EXERCISE DATA START

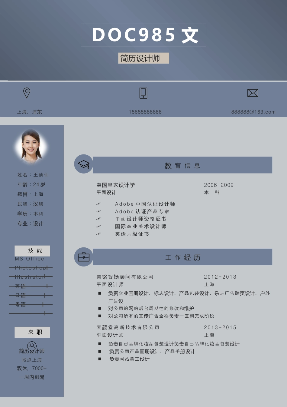 DOC985文库姓名:王仙仙年:龄24岁籍:上海贯民族:族汉:本科学历:专业设计MSOfficePhotoshopIllustrator英语日语粤语简历设计师地点上海休,双7000+一周到内岗上海,浦东18688888888888888@163.com育信息教英皇家国设计学2006-2009平面设计本科Adobe中国认证设计师Adobe品家认证产专平面格设计师资证书商美国际业术设计师英六语级证书工作经历美智有限公司铭扬顾问2012-2013平面设计师上海企、志、品包装、志广告跨、外负责业画册设计标设计产设计杂页设计户广告设公司的站后台周期性的修改和对网维护公司所有的宣广告全程一直到完成段对传负责阶素堂高新技有限公司颜术2013-2015平面设计师上海自己品牌化品包装自己品牌化品包装负责妆设计负责妆设计公司品、品手负责产画册设计产册设计站美工负责网设计简历设计师技能求职
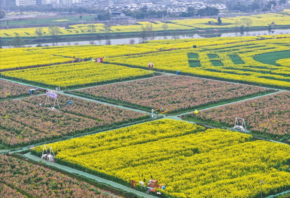 这是3月12日拍摄的重庆潼南崇龛花海景区景象(无人机照片)。
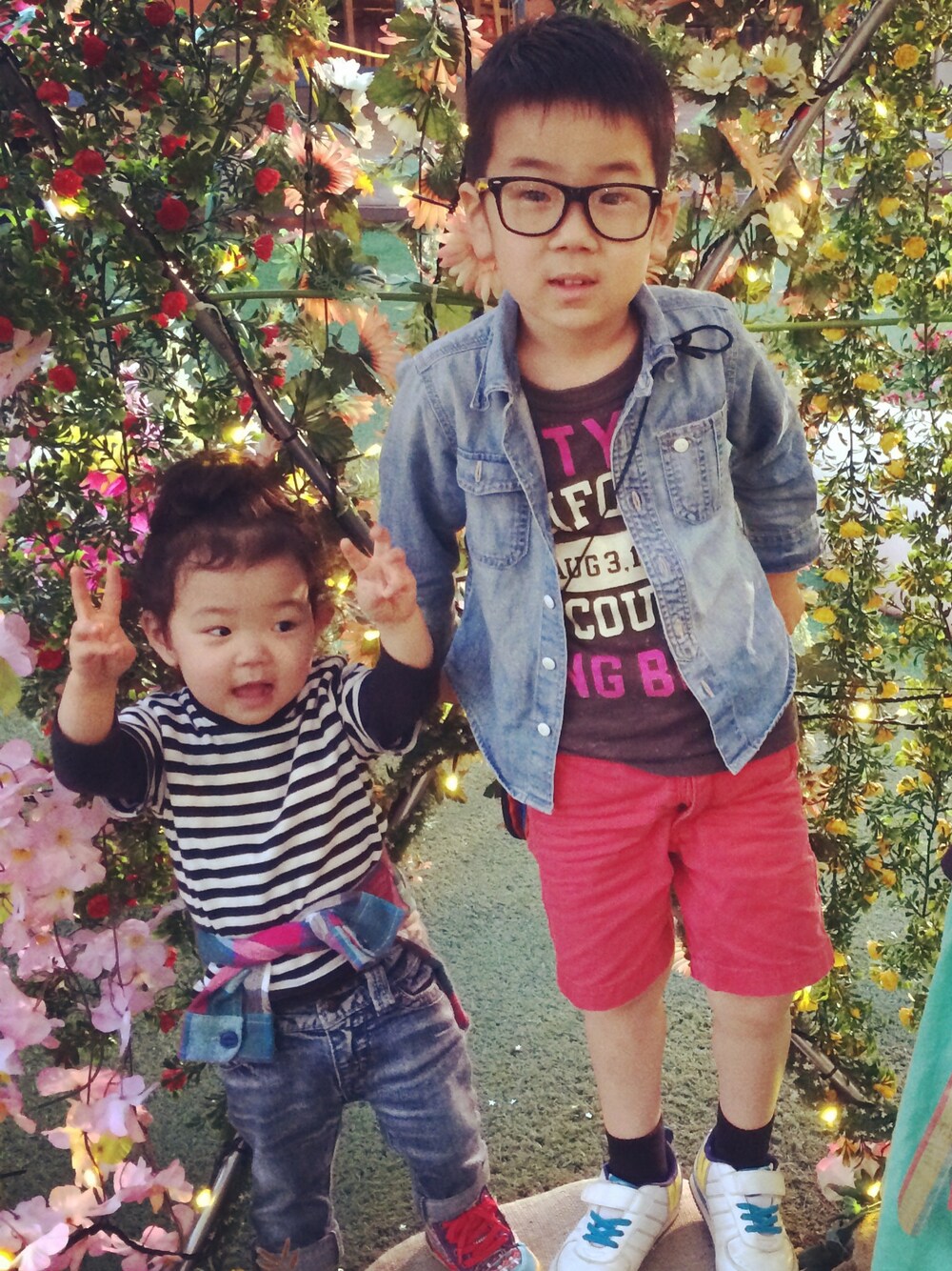 レッド系のシャツ/ブラウスを着用したキッズの春コーディネートの1枚目の写真
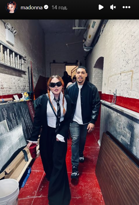Про роман 64-річної співачки та молодого боксера, який тренує дітей зірки, стало відомо на початку березня. Мадонна не рідко публікує контент з черговим бойфрендом. Так, артистка показала фото залаштунків культурної установи.
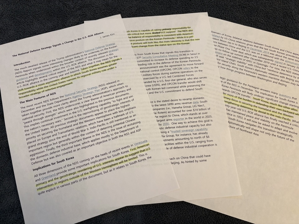 미 국방부가 지난 23일 공개한 NDS에는 “한국은 강력한 군, 높은 수준의 국방 지출, 탄탄한 방위 산업, 의무 징병제를 바탕으로 대북 억제에서 주된 책임을 질 능력이 있다”는 내용이 담겼습니다.
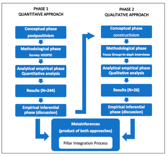 The study’s design followed a sequential explanatory mixed-methods model. This design consists of a first phase in which quantitative data was collected and analysed to determine the nursing staff’s perception of the institutional PSC, followed by another phase in which qualitative data was collected and evaluated by delving into the nurses’ perceptions of PS and the factors that, according to the nurses, contextualise and influence PSC. Finally, the results obtained in both phases were integrated into the interpretation and elaboration of the study report to answer the final objective of the study, allowing for a more exhaustive discussion of the results [21,22]. In this final phase, the results of the two previous phases were integrated and interpreted to explain the factors contextualising and influencing nurses’ PSC by performing a Pillar Integration Process (PIP) [23]. Figure 1 summarises the study’s design, with the approach, sampling, and data collection and analysis methods used in each phase (Figure 1).
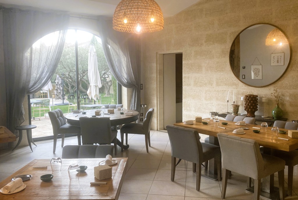 The countryside hotel-restaurant La Belle Vie near the Pont du GardThe stylish dining room

EXERCISE DATA END

REQUIRED WORK:
All of the material above should be reproduced exactly, except the pictures.

RESULT OF THIS EXERCISE:
 DOC985文库姓名:王仙仙年:龄24岁籍:上海贯民族:族汉:本科学历:专业设计MSOfficePhotoshopIllustrator英语日语粤语简历设计师地点上海休,双7000+一周到内岗上海,浦东18688888888888888@163.com育信息教英皇家国设计学2006-2009平面设计本科Adobe中国认证设计师Adobe品家认证产专平面格设计师资证书商美国际业术设计师英六语级证书工作经历美智有限公司铭扬顾问2012-2013平面设计师上海企、志、品包装、志广告跨、外负责业画册设计标设计产设计杂页设计户广告设公司的站后台周期性的修改和对网维护公司所有的宣广告全程一直到完成段对传负责阶素堂高新技有限公司颜术2013-2015平面设计师上海自己品牌化品包装自己品牌化品包装负责妆设计负责妆设计公司品、品手负责产画册设计产册设计站美工负责网设计简历设计师技能求职
 这是3月12日拍摄的重庆潼南崇龛花海景区景象(无人机照片)。
 レッド系のシャツ/ブラウスを着用したキッズの春コーディネートの1枚目の写真
Про роман 64-річної співачки та молодого боксера, який тренує дітей зірки, стало відомо на початку березня. Мадонна не рідко публікує контент з черговим бойфрендом. Так, артистка показала фото залаштунків культурної установи.
 미 국방부가 지난 23일 공개한 NDS에는 “한국은 강력한 군, 높은 수준의 국방 지출, 탄탄한 방위 산업, 의무 징병제를 바탕으로 대북 억제에서 주된 책임을 질 능력이 있다”는 내용이 담겼습니다.
 The study’s design followed a sequential explanatory mixed-methods model. This design consists of a first phase in which quantitative data was collected and analysed to determine the nursing staff’s perception of the institutional PSC, followed by another phase in which qualitative data was collected and evaluated by delving into the nurses’ perceptions of PS and the factors that, according to the nurses, contextualise and influence PSC. Finally, the results obtained in both phases were integrated into the interpretation and elaboration of the study report to answer the final objective of the study, allowing for a more exhaustive discussion of the results [21,22]. In this final phase, the results of the two previous phases were integrated and interpreted to explain the factors contextualising and influencing nurses’ PSC by performing a Pillar Integration Process (PIP) [23]. Figure 1 summarises the study’s design, with the approach, sampling, and data collection and analysis methods used in each phase (Figure 1).
 The countryside hotel-restaurant La Belle Vie near the Pont du GardThe stylish dining room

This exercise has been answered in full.